Bill vs misleading cigarette labels OKd
Its tar and other toxic contents, regardless of amount, will accumulate in your lungs and may eventually kill you.
Under a law awaiting the signature of President Aquino, cigarette packs or tobacco packages will no longer carry labels such as “low tar,” “light,” “ultra-light,” “mild,” “extra” and “ultra” that mislead a consumer into thinking the product is not harmful.
This is one of the key provisions of the proposed graphic health warning law that Congress approved before adjourning last week.

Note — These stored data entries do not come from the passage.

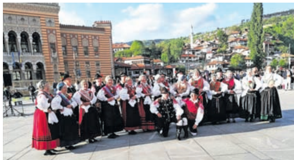
Folklorna skupina Juliana v Sarajevu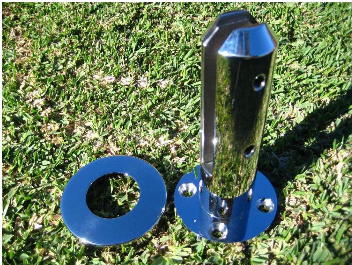
aço inoxidável da dobradiça 316 vidro da porta para cercas piscina, meia & quot; dobradiça da porta de vidro para balaustrada de vidro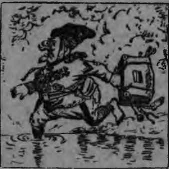
1. „Красной арми кужмо жугиз белой генерал'ёсты“.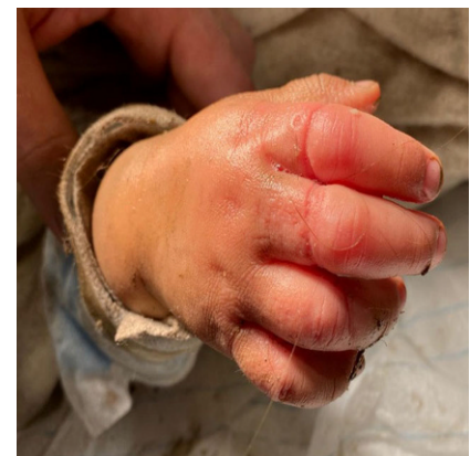
Abb. 2 ▲ Dargestellt ist die rechte Hand der Patientin nach der Entfernung des Abflussrohres. Man sieht die deutliche Schwellung und Weichteilaffektion der betroffenen Finger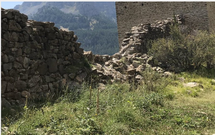
Fort de Réallon avec les Aiguilles de Chabrières (CDTE Hautes-Alpes)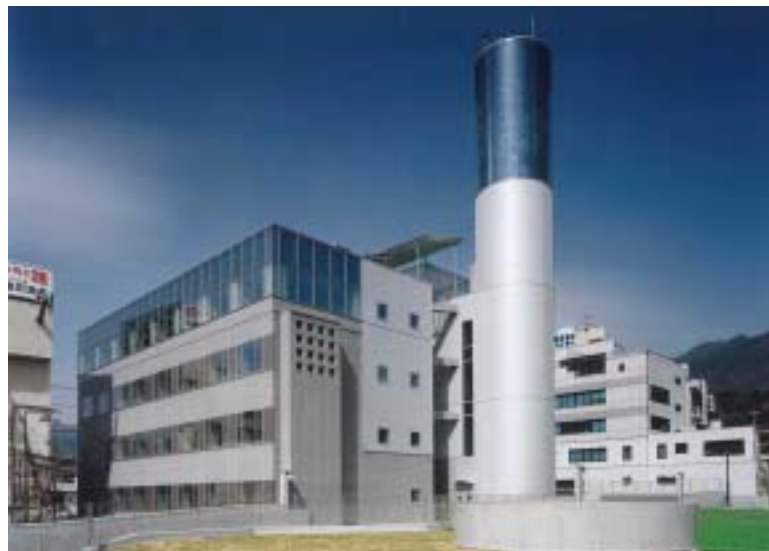
(飯田第2地方合同庁舎)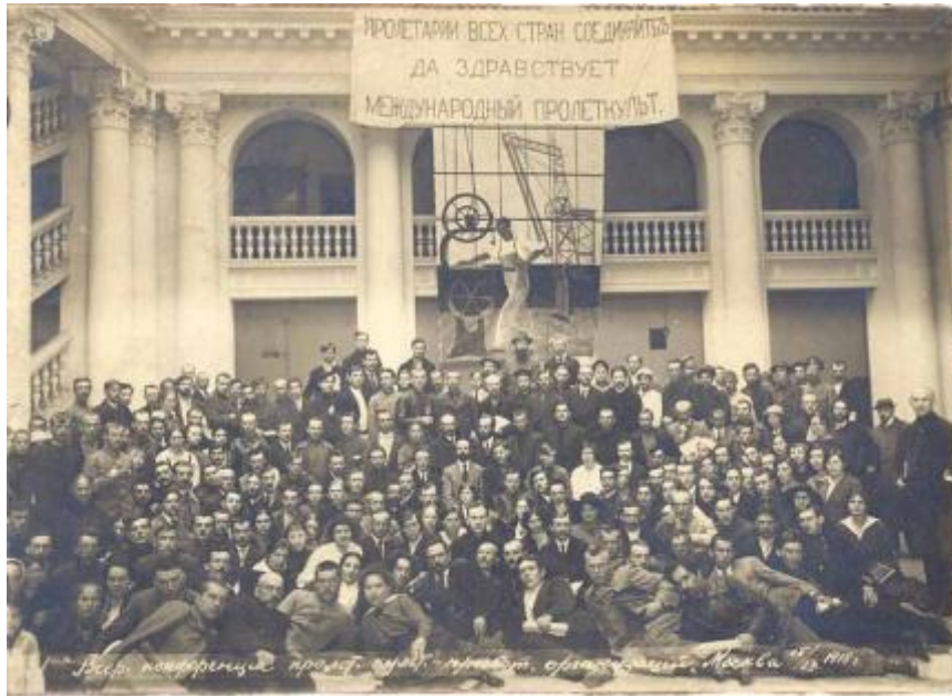
Участники 1-го съезда Пролеткульта

Создать «свою» собственную «пролетарскую» культуру с нуля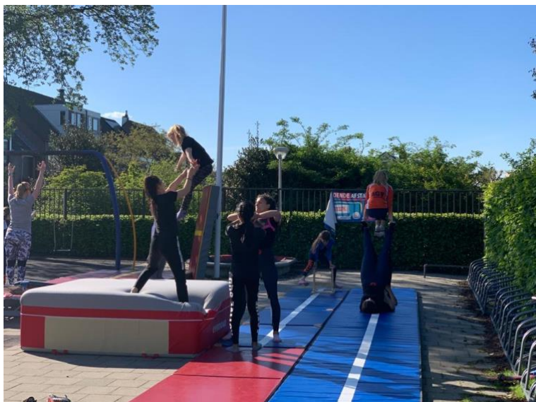
Figuur 9. Trainingen op het schoolplein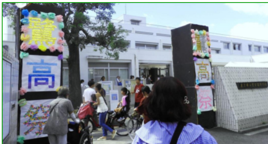
2日目の開場直後の正門前 (9月7日)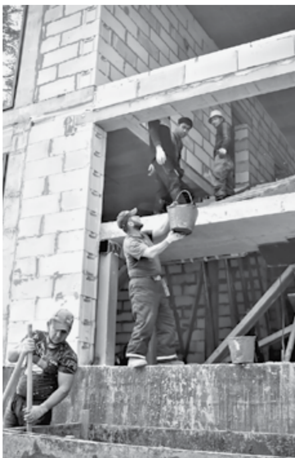
Строительство нового отеля на «Бирюзовой Катунь».

Как известно, в Республике Алтай, в 20 минутах езды от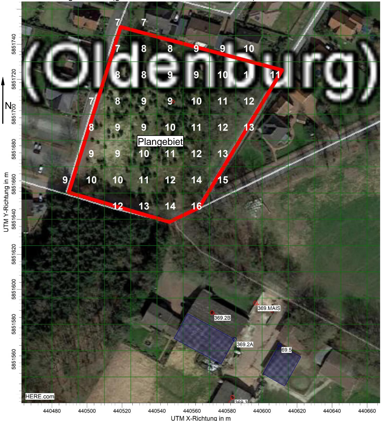
Abbildung 4: belästigungsrelevante Kenngrößen der Gesamtbelastung nach /2/ durch landwirtschaftliche Betriebe in Prozent der Jahresstunden im Plangebiet.

In der Abbildung 4 werden die Kenngrößen für die Gesamtbelastung im Plangebiet dargestellt. Angegeben sind die belästigungsrelevanten Kenngrößen nach /2/ für die Beurteilungsflächen (gleiche Größe wie Rechenzellen).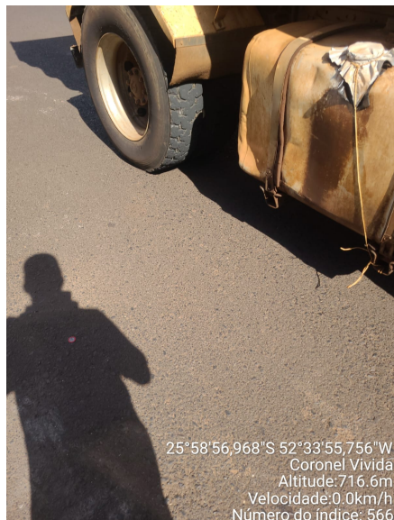
Rua Claudino dos Santos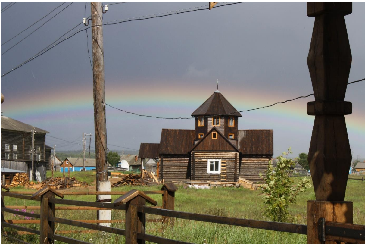
Kuva 55. Varzugan länsirannan kirkkokentällä oleva ikoneiden konservointikeskus, joka on muutettu kirkon majoitustilaksi

Its main aim is to have graphic health warnings on cigarette packs that warn of the “devastating effects” of smoking and passive smoking, and remove misleading claims that tend to convey the product is less harmful than it is.
Local and foreign brands
“The State shall protect and promote the right to health of the people and instill health consciousness among them,” the proposed law says.
It also aims to protect consumers from trade malpractices and from substandard tobacco products.
Once signed by the President, it will apply to tobacco products locally manufactured or imported and introduced in the Philippine market.
Under the World Health Organization’s Framework Convention on Tobacco Control (FCTC), the Philippines has the duty to adopt and implement effective health warnings on tobacco products by September 2008.
Section 8 of the measure states that a year after the Department of Health issues the templates, no cigarette pack or package “shall bear any number or descriptor such as ‘low tar,’ ‘light,’ ‘ultra-light,’ or ‘mild,’ ‘extra,’ ‘ultra,’ and similar terms in any language that … misleads a consumer to believe that a tobacco product or variant is healthier, safer or less harmful.”
The proposed law imposes stiff penalties on manufacturers or retailers violating its provisions.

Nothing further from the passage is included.